術前は肺うっ血の管理により脱水気味になっているため、麻酔と同時にある程度の輸液負荷が必要となることがある。基本的には冠盗血を防ぐために肺血管抵抗を上昇させる管理高酸素を避け、正常から高二酸化炭素とする)が必要となる。肺うっ血により肺のコンプライアンスは悪く、高い吸気圧やPEEPが必要となるが、肺血管抵抗を上昇させるという点においては有効である。

人工心肺離脱後

大動脈遮断解除後、心筋の回復には時間がかかる。体外循環補助への閾値は低くあるべきで、施設によっては殆どの症例で開胸のままcentral ECMOに変更し集中治療室に入室させるところもある。

術後管理

術前の問題である左室機能障害や僧帽弁逆流症、冠灌流不全が術後も問題となる。また、左室の期外収縮や心室性不整脈も問題となる。

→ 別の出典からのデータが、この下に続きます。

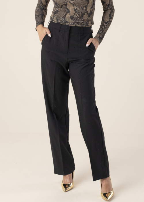 JJXX moteriškos kostiuminės kelnės Lora yra puikus pasirinkimas toms, kurios ieško klasikinio stiliaus. Šios vienspalvės kelnės pasižymi elegantišku dizainu ir subtiliu švytinčio akmenuko akcentu, suteikiančiu joms išskirtinumo. Modelis yra 176 cm ūgio ir dėvi S dydį.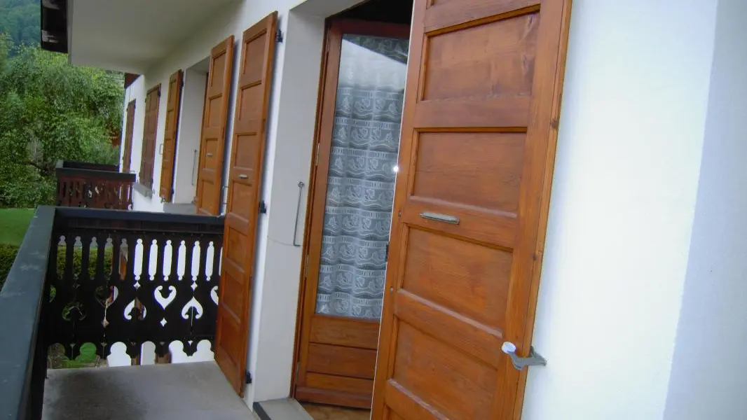 Maison comprenant 3 gîtes et le logement des propriétaires. 1er gîte de 40 m² au 1er étage : petite cuisine ouverte sur séjour (1 clic-clac), 1 chambre (1 lit 140), salle d'eau, wc indépendant, chauffage central, balcon, terrain commun, espace extérieur avec pelouse et salon de jardin. Lave-linge commun avec le propriétaire. Location de draps. Station de ski : Morzine 2,5 km. Navette gratuite à 50m. 1 seul animal accepté.
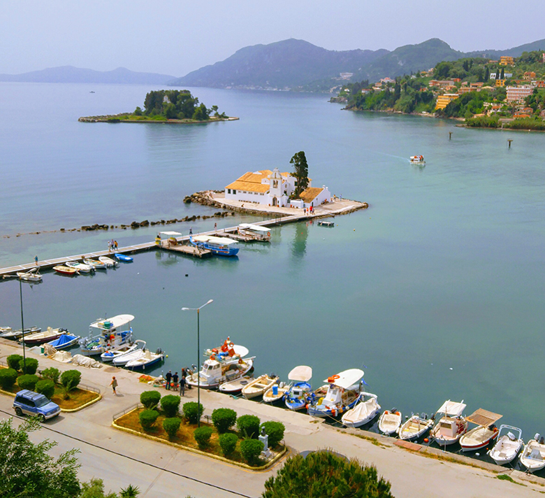 - півострів Каноні (Kanoni), де знаходиться крихітний мальовничий острівець (Mouse Island) лише з однією спорудою – жіночим монастирем 17-го століття (Vlacherna Monastery),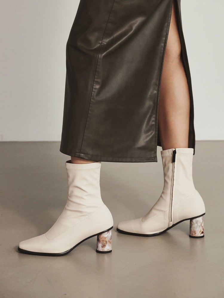りんごの素材を使用したショートブーツです。太めのヒールで安定感があり、ユニークなデザインでコーディネートのポイントになるアイテムです。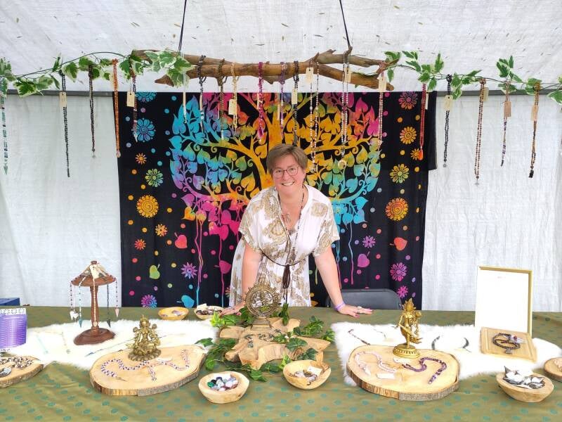 Vooraf kun je jouw steensoort kiezen uit mijn collectie van meer dan 20 verschillende soorten edelsteen-kralen, en kies je wat je afwerking gaat zijn (edelsteen of echt zilver). Je mag het ook helemaal uit handen geven en het laten ontstaan. Ik laat het patroon, de combinatie die wil ontstaan in rust ontvouwen. Wat er precies ontstaat zal dan ook een verrassing zijn. Bij deze persoonlijke mala’s komen er boodschappen door tijdens het knopen die ik voor je opschrijf, en je meegestuurd krijgt met je unieke mala in een mooi bewaartasje.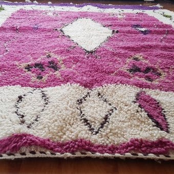 Dette marokkanske tæppe er håndlavet af ren uld og har en dyb løbegangskvalitet.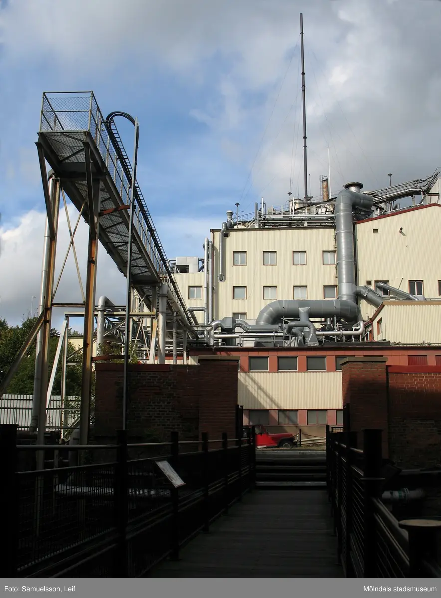 Vy från gångbron vid Stora Götafors, över Mölndalsfallen, mot industribyggnader vid Soabs industrianläggning i Mölndals Kvarnby, år 2007. Anläggningen användes vid fototillfället av Hexion Speciality Chemicals Sweden AB.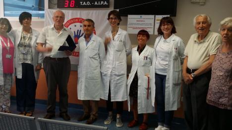 L'AIPA-Associazione italiana pazienti anticoagulati Mantova ha consegnato recentemente una targa al medico del Servizio Immunoematologia e Medicina Trasfusionale Carlo Bonfanti, attualmente in pensione, come riconoscimento alla carriera e alla professionalità dedicata per tanti anni ai pazienti anticoagulati di Mantova.
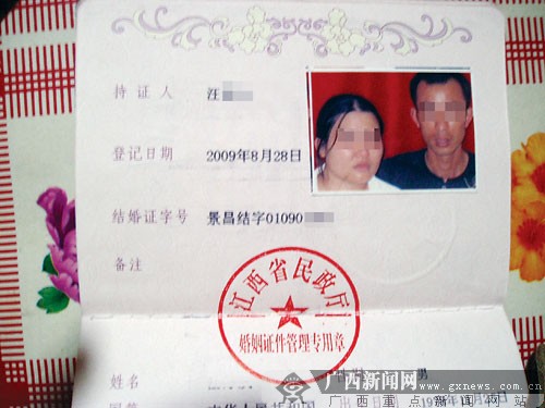 隨后,兩人帶來了一個年輕女子。從女子出具的身份證和戶口本上得知,她叫張×蘭,廣西賓陽人,今年28歲。見該女子模樣不錯,汪家心生喜歡。8月28日,汪先生支付了幾千元介紹費給中間人后,和張×蘭到當地婚姻登記機關進行了登記。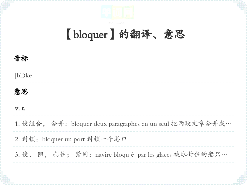 【bloquer】是什么意思、字义解释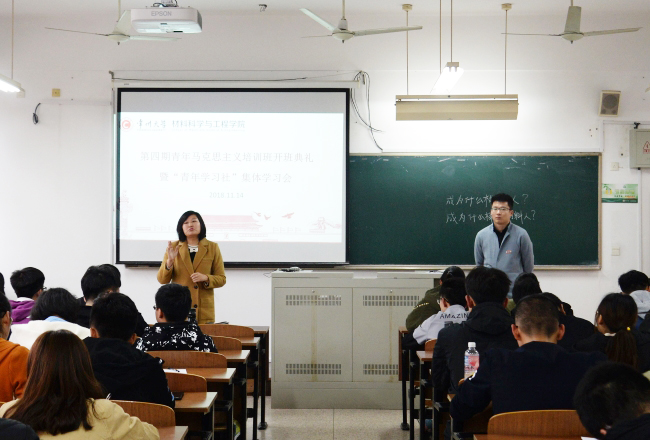 11月14日下午,材料学院第四期青年马克思主义培训班开班仪式暨首次“青年学习社”集体学习会在W2213举办,学院第四期青马培训班全体学员参加了学习,院党委副书记吴青玲出席并作开班动员。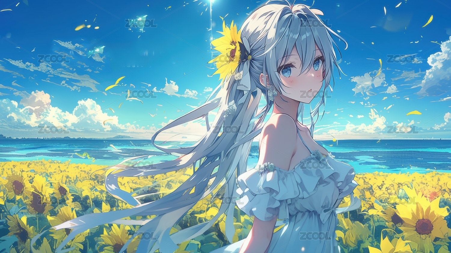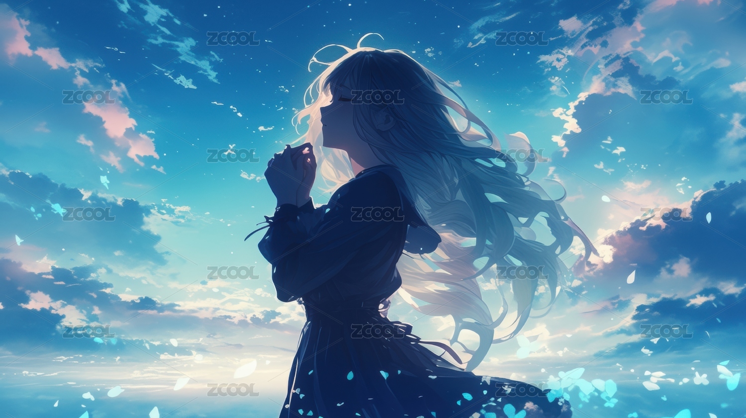 动漫女孩宫崎骏风格新海诚风格壁纸背景

障害されていた左室機能は、数ヶ月単位で改善していくことが多い3)。長期的には僧帽弁の修復や、Takeuchi手術後の肺動脈狭窄やバッフル部位のリークなどに対する再手術が必要となる症例がある3,4)

References

  1. Anesthesia for Congenital Heart Disease, 3rd Edition. Dean B. Andropoulos et al.
  2. Takeuchi S, et al. J Thorac Cardiovasc Surg. 1979 Jul;78(1):7-11. PMID: 449387.
  3. Naimo PS, et al. Ann Thorac Surg. 2016 May;101(5):1842-8. Epub 2016 Feb 18. PMID: 26897320.
  4. Ginde S, et al. Pediatr Cardiol. 2012 Oct;33(7):1115-23. Epub 2012 Mar 22. PMID: 22438016.
  5. Hirai T, et al.  Catheter Cardiovasc Interv. 2020 Apr 1;95(5):920-923. PMID: 31250510.